Friday, Feb. 3
M1-09 (Brickyard mezzanine)
Adapting to student states in a spoken tutorial dialogue system for physics
Diane Litman, professor of computer science, University of Pittsburgh
It has been hypothesized that human tutoring might be so effective because of its use of natural language dialogue. Potential advantages of natural language dialogue as a learning environment include providing opportunities for both the tutor to infer information about a student and the student to participate more actively in the learning process. In this talk Litman describes the design and evaluation of several versions of an adaptive spoken dialogue system for tutoring physics, that uses speech and natural language processing to detect and respond to student states such as uncertainty and disengagement.

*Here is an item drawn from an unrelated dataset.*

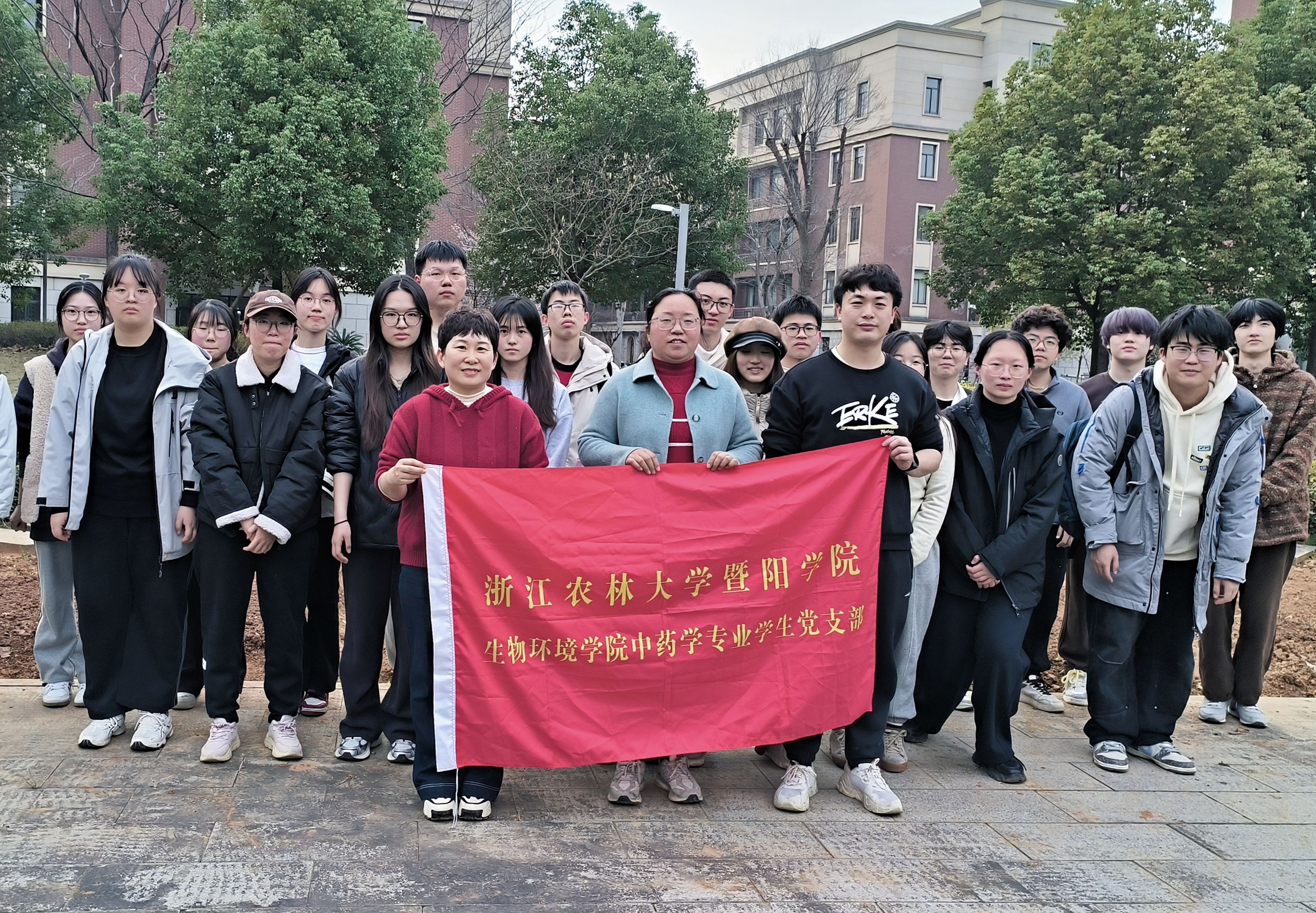 春风催新绿,药香满校园。在第47个植树节来临之际,3月11日,生物环境学院中药学专业学生党支部联合中药学专业教师、后勤服务中心,在院内百草园开展“党旗引领种本草·岐黄薪火植心田”主题实践活动。20余名师生党员挥锹培土,种下温郁金、艾草、杭白菊等10余种药用植物,以劳动教育厚植中医药文化传承根基,打造独具专业特色的“党建生态课堂”。

She will discuss the empirical approach used to design and implement the system, then present experimental results suggesting that computer tutoring that monitors and adapts to user states over and above correctness can significantly improve both cognitive and metacognitive student abilities.
Bio: Diane Litman is professor of computer science, Senior Scientist with the Learning Research and Development Center and faculty with the Graduate Program in Intelligent Systems, all at the University of Pittsburgh. She received her Ph.D. degree in computer science from the University of Rochester, and was previously a member of the Artificial Intelligence Principles Research Department, AT&T Labs–Research (formerly Bell Laboratories).